The truthful, trustworthy merchant will be with the Prophets, the truthful, and the martyrs. — Tirmidhi 1209

The Halal Travel Market Hits $217 Billion — But Trust Is Now the Real Product

Muslim-friendly travel spending reached $216.9 billion in 2023 and is forecast to hit $384 billion by 2028. CrescentRating's 2026 report says the question has shifted from amenities to trust.

Overwater villas at a resort in the Maldives

The Thesis

The halal travel market is no longer asking “Where can I find a prayer room?” It is asking “Can I trust the entire journey?” That shift — from amenity-checking to trust-seeking — is the defining change in Muslim travel in 2026, and it has implications for every platform, hotel chain, and destination in the space.

The Numbers

Muslim-friendly travel spending reached $216.9 billion in 2023 and is forecast to grow to $384.1 billion by 2028, according to the State of the Global Islamic Economy Report 2024/25. Muslim arrivals to Asia surged 80% between 2022 and 2024. Non-OIC destinations are competing aggressively: Hong Kong ranks in the top 3 of the Global Muslim Travel Index with 62 accredited Muslim-friendly hotels, and Taiwan has maintained a top-4 GMTI position for nearly a decade with over 200 halal-certified restaurants.

The Trust Gap

CrescentRating’s 2026 Halal Travel Trends report quantifies the gap: 90% of Muslim travelers prioritize faith-alignment in their travel choices, but only 70% feel that brands actually meet those needs. That 20-percentage-point assurance gap is not a marketing problem — it is a product problem.

The gap exists because halal travel certification has historically focused on visible amenities — prayer mats, halal kitchen, qibla direction markers. But the modern Muslim traveler’s trust equation is broader: Is the spa genuinely gender-separated, or just at certain hours? Is the halal food certified by a recognized body, or self-declared? Does the booking platform verify these claims, or just relay hotel marketing copy?

HalalBooking’s Bet

HalalBooking — the market’s dominant platform with 16,000+ hotels across 100 countries — is betting that verified trust at scale is the competitive moat. The platform reported annual gross booking volume of $89 million in 2025, up 20% year-on-year.

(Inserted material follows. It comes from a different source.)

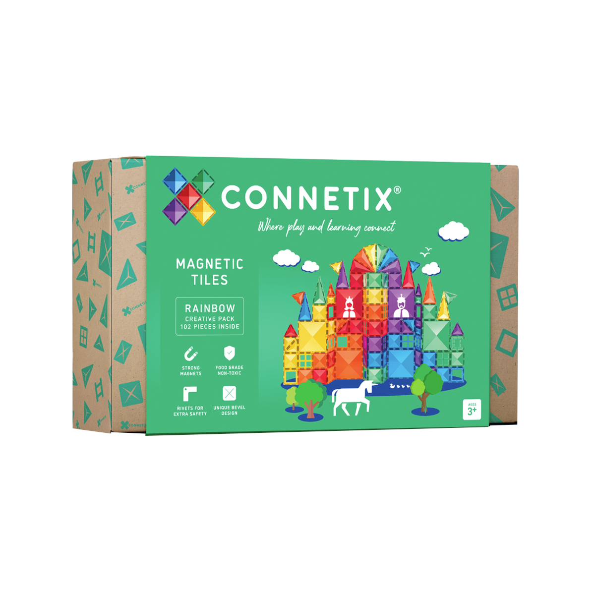 Mit dem Connetix 102-teiligen Regenbogen-Kreativset sind stundenlanger kreativer Spielspaß und freies Spielen garantiert! Das Set bietet unzählige Möglichkeiten für kreatives und spielerisches Lernen und enthält eine Vielzahl magnetischer Bausteine ??in allen Regenbogenfarben, darunter kleine und große Quadrate, gleichseitige, rechtwinklige und gleichschenklige Dreiecke sowie Zäune, Fenster und Türrahmen! Es ist der ideale Einstieg für gemeinsame Familienspiele und den Bau größerer Connetix-Kreationen! Ob allein oder mit Freunden und Familie, das Kreativset fördert die Entwicklung von MINT-Fächern (Mathematik, Informatik, Naturwissenschaften und Technik), die Fein- und Grobmotorik. Kinder können größere Burgen und Raketen, hohe Mauern, Kugelbahnen und Münzrutschen, Brücken und Türme bauen, Muster und Formen entdecken, Farbsortierboxen gestalten und vieles mehr. Das Connetix Creative Pack fördert zudem Ausdauer und Belastbarkeit, indem Kinder größere Konstruktionen entwerfen und so die Grenzen ihrer Vorstellungskraft austesten. Offene Spielzeuge helfen nicht nur, die Fantasie und Kreativität eines Kindes zu entwickeln, sondern wachsen auch mit ihm mit, während es lernt, sich entwickelt und sein Spiel immer komplexer wird.

It secured $5 million in investment and is preparing for a larger $20-30 million institutional equity round in 2026.

The platform’s 1.9 million Loyalty Club members and 3,000+ affiliate partners create a distribution network that conventional OTAs (Booking.com, Expedia) cannot replicate — because the value proposition is not just inventory but verification. Every property on HalalBooking is assessed against specific Muslim-friendly criteria, not just self-reported.

The AI Disruption

But here is the twist: AI agents are increasingly managing the booking funnel. CrescentRating warns that “if your data isn’t machine-readable, you’re not low-ranked. You’re invisible.” The implication is that halal travel platforms and destinations need to structure their Muslim-friendliness data in formats that AI booking agents can parse and compare — not just human-readable reviews and ratings.

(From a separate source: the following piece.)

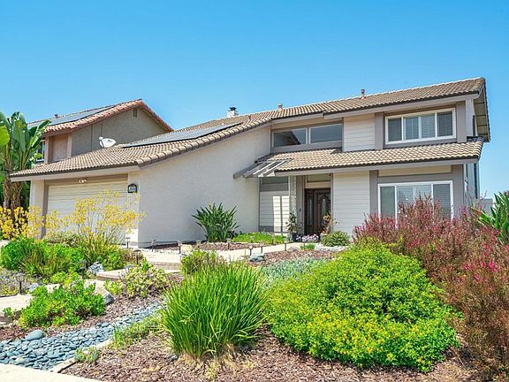 Welcome to your charming coastal retreat! Located in the serene setting of a quiet neighborhood in Rancho Ponderosa, this beautifully maintained home exudes elegance and comfort. Step inside and be greeted by spacious living areas flooded with natural light, highlighting the stunning views from every window. The open-concept kitchen, featuring granite countertops and a breakfast bar, is perfect for both casual meals and lively gatherings.This home offers four bedrooms, all conveniently situated on the second floor for added privacy and versatility. The primary suite serves as tranquil haven, complete with an en suite bathroom showcasing travertine tile, a standing shower, and dual sinks. Enjoy outdoor living at its finest with an expansive paver terrace under a charming pergola, perfect for relaxation or hosting guests while enjoying spectacular Fourth of July fireworks. The low-maintenance landscaping and a new irrigation system mean you can spend more time enjoying your space. With a newer HVAC system, whole-house fan, smart thermostat, and owned solar panels, comfort and efficiency are ensured throughout the year. The generous 8,177 sq. ft. lot offers plenty of room for entertaining and creativity. This home is ideally located just 3 miles from the beach and close to Stagecoach Park, which offers a variety of recreational activities and summer concerts at the park. The Carlsbad Forum and many grocery stores such as Sprouts, Jimbos, Target are all 5 min away, plus many restaurants/coffee shops are nearby, providing ample opportunities to explore the neighborhood. Plus, with three parks within a 5-minute walk, there is always an adventure waiting. Your dream home is ideally situated near top rated schools, scenic hiking trails with very low HOA dues of just $62/mo. Whether you are indulging in nearby dining or enjoying the outdoor amenities, this home is your perfect sanctuary in La Costa. Make it yours today and start living your dream lifestyle!

This creates a paradox: trust is becoming the product, but AI agents do not experience trust. They process data. The platforms that win will be those that can make trust machine-readable — converting verified halal credentials, real guest reviews, and certification data into structured formats that AI agents can evaluate on behalf of Muslim travelers.

What to Watch

The Southeast Asian corridor is the growth story. Muslim arrivals to the region are surging, destinations like Japan and South Korea are investing in halal infrastructure, and the Mediterranean-Balkan corridor is emerging as European Muslims’ preferred alternative to traditional GCC destinations. Bosnia & Herzegovina reported a 21% surge in overnight stays. The geography of halal travel is diversifying fast — and the platforms that map trust across these new destinations will capture the value.